3. Ancestry.com, the genealogy site, store around 2.5 petabytes of data.
4. The Internet Archive stores around 2 petabytes of data, and is growing at a rate of 20 terabytes per month.
5. The Large Harden Collider near Geneva will produce about 15 petabytes of data per year.
6. Everyday people create the equivalent of 2.5 trillion bytes of data from sensors, mobile devices, online transactions & social networks.

Facebook, Yahoo! and Google found themselves collecting data on an unprecedented scale. They were the first massive companies collecting tons of data from millions of users.

They quickly overwhelmed traditional data systems and techniques like Oracle and MySql. Even the best, most expensive vendors using the biggest hardware could barely keep up and certainly couldn’t give them tools to powerfully analyze their influx of data.
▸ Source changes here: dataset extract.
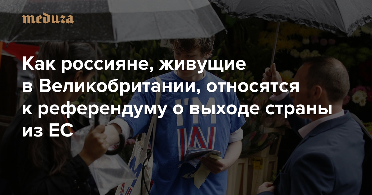 23 июня в Великобритании пройдет референдум о выходе страны из Европейского Союза. Его результат непредсказуем: сторонников и противников «Брекзита» (этим термином и обозначается возможный выход Великобритании из ЕС) примерно поровну. В Лондоне живет большая русская диаспора, некоторые из эмигрантов уже получили гражданство и право голосовать. Специальный корреспондент «Медузы» Илья Жегулев выяснил у героев своего текста о русских в Лондоне, что они думают о предстоящем референдуме.

In the early 2000’s they developed new techniques like MapReduce, BigTable and Google File System to handle their big data. Initially these techniques were held proprietary. But they realized making the concepts public, while keeping the implementations hidden, will benefit them - since more people will contribute to those and the graduates they hire will have a good understanding prior to joining.

Around 2004/2005 Facebook, Yahoo! and Google started sharing research papers describing their big data technologies.
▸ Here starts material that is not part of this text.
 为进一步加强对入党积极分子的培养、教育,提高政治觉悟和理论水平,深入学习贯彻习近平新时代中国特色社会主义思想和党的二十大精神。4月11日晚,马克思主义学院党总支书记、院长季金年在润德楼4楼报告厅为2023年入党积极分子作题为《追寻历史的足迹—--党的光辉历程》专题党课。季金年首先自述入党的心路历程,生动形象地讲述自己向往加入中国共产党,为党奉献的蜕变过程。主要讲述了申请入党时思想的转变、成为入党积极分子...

In 2004 Google published the research paper "MapReduce: Simplified Data Processing on Large Clusters".

MapReduce is a programming model and an associated implementation for processing and generating large data sets. Users specify a map function that processes a key/value pair to generate a set of intermediate key/value pairs, and a reduce function that merges all intermediate values associated with the same intermediate key. Many real world tasks are expressible in this model, as shown in this paper.

Programs written in this functional style are automatically parallelized and executed on a large cluster of commodity machines. The run-time system takes care of the details of partitioning the input data, scheduling the program's execution across a set of machines, handling machine failures, and managing the required inter-machine communication. This allows programmers without any experience with parallel and distributed systems to easily utilize the resources of a large distributed system. Google's implementation of MapReduce runs on a large cluster of commodity machines and is highly scalable.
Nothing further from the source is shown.